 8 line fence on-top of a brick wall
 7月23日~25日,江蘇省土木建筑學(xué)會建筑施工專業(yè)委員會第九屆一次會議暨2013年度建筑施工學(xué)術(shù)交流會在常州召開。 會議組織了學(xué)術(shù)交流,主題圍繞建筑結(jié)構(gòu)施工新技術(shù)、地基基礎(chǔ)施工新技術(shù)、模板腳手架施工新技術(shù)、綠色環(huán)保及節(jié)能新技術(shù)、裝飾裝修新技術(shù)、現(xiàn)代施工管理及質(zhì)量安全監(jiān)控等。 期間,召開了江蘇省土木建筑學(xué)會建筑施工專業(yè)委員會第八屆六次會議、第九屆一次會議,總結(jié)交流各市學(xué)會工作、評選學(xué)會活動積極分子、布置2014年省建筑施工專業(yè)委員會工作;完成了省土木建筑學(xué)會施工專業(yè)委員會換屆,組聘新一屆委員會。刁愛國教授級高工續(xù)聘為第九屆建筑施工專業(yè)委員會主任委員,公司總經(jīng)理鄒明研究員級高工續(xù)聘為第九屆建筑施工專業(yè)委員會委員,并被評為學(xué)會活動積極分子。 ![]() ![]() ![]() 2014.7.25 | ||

● ● ● ●

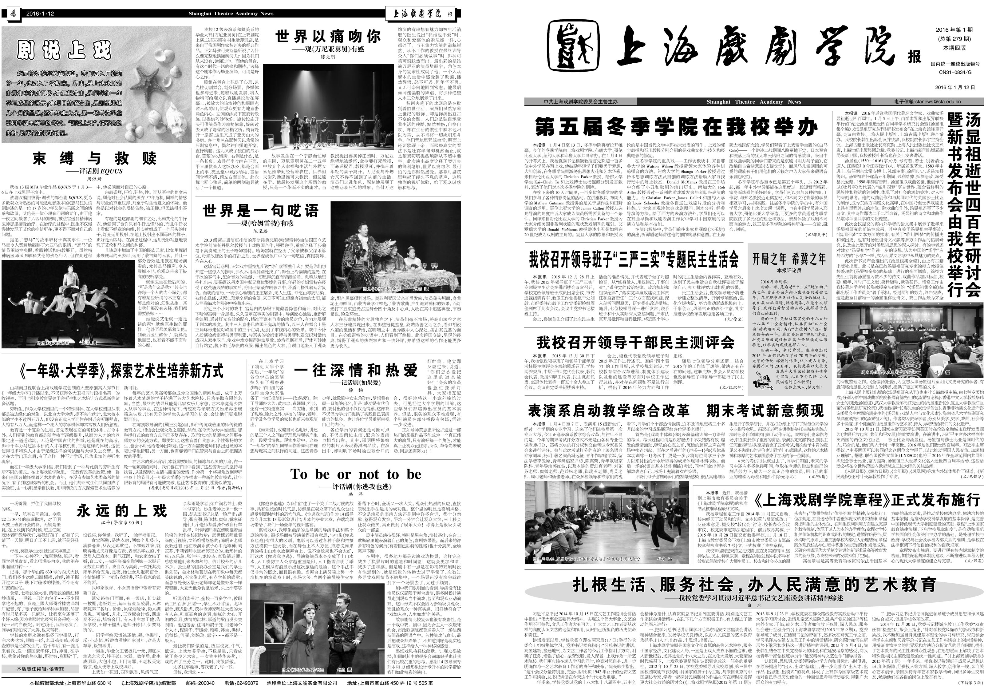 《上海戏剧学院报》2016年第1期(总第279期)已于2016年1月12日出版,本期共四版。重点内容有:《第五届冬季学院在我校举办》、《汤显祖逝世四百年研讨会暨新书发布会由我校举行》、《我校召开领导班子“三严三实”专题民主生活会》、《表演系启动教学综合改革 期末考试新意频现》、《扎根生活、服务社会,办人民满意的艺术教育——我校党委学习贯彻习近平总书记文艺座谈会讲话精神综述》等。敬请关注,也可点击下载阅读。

● ● ● ●

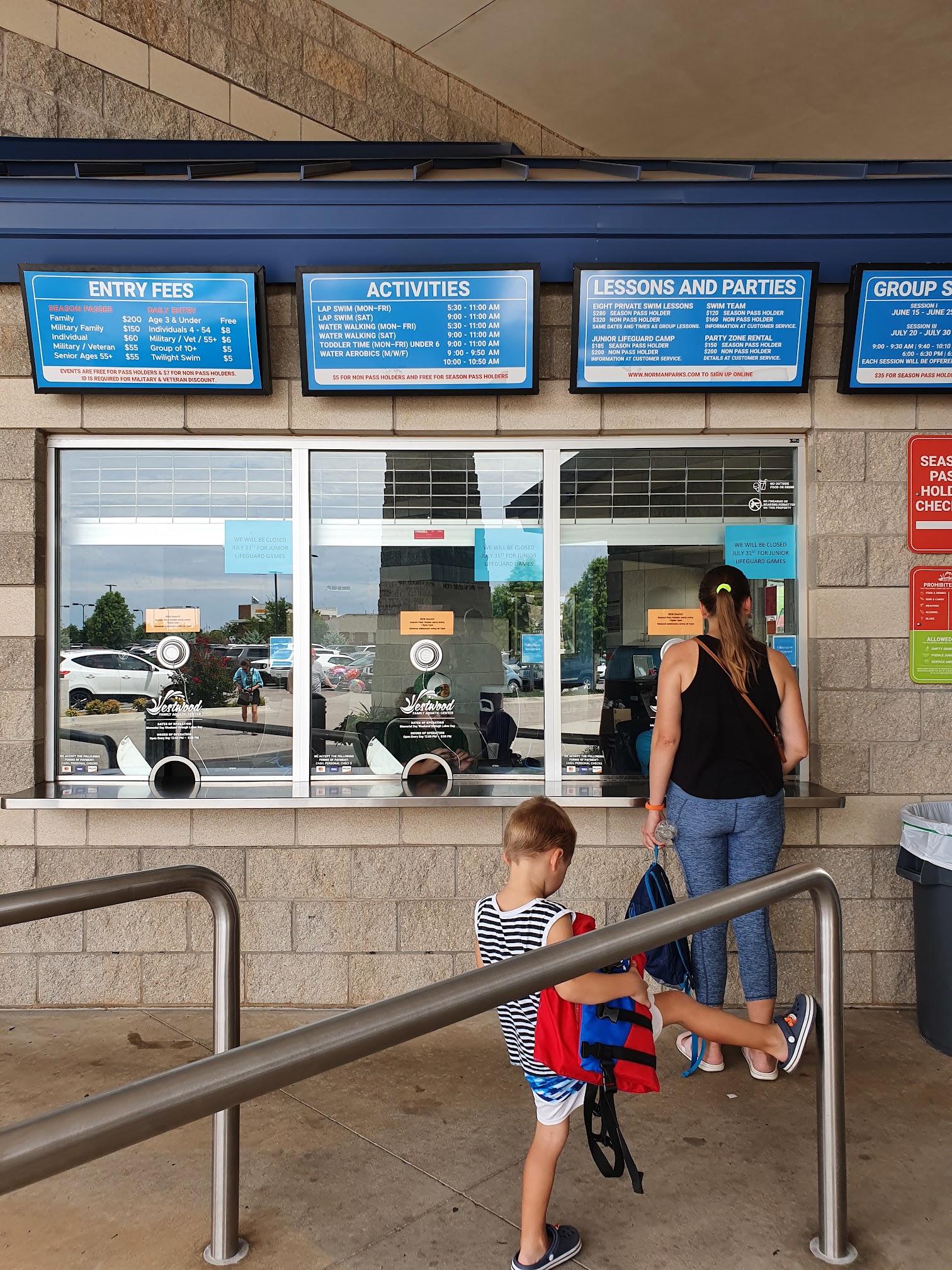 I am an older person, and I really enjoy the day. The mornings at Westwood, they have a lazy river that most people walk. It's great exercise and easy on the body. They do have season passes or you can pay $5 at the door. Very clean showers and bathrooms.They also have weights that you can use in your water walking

● ● ● ●

# Your task:
The output should be exactly the lines above from the line containing "8 line fence on-top of a brick wall" to the line containing "2014.7.25 | ||", inclusive, with no other lines.

# Answer:
 8 line fence on-top of a brick wall
 7月23日~25日,江蘇省土木建筑學(xué)會建筑施工專業(yè)委員會第九屆一次會議暨2013年度建筑施工學(xué)術(shù)交流會在常州召開。 會議組織了學(xué)術(shù)交流,主題圍繞建筑結(jié)構(gòu)施工新技術(shù)、地基基礎(chǔ)施工新技術(shù)、模板腳手架施工新技術(shù)、綠色環(huán)保及節(jié)能新技術(shù)、裝飾裝修新技術(shù)、現(xiàn)代施工管理及質(zhì)量安全監(jiān)控等。 期間,召開了江蘇省土木建筑學(xué)會建筑施工專業(yè)委員會第八屆六次會議、第九屆一次會議,總結(jié)交流各市學(xué)會工作、評選學(xué)會活動積極分子、布置2014年省建筑施工專業(yè)委員會工作;完成了省土木建筑學(xué)會施工專業(yè)委員會換屆,組聘新一屆委員會。刁愛國教授級高工續(xù)聘為第九屆建筑施工專業(yè)委員會主任委員,公司總經(jīng)理鄒明研究員級高工續(xù)聘為第九屆建筑施工專業(yè)委員會委員,并被評為學(xué)會活動積極分子。 ![]() ![]() ![]() 2014.7.25 | ||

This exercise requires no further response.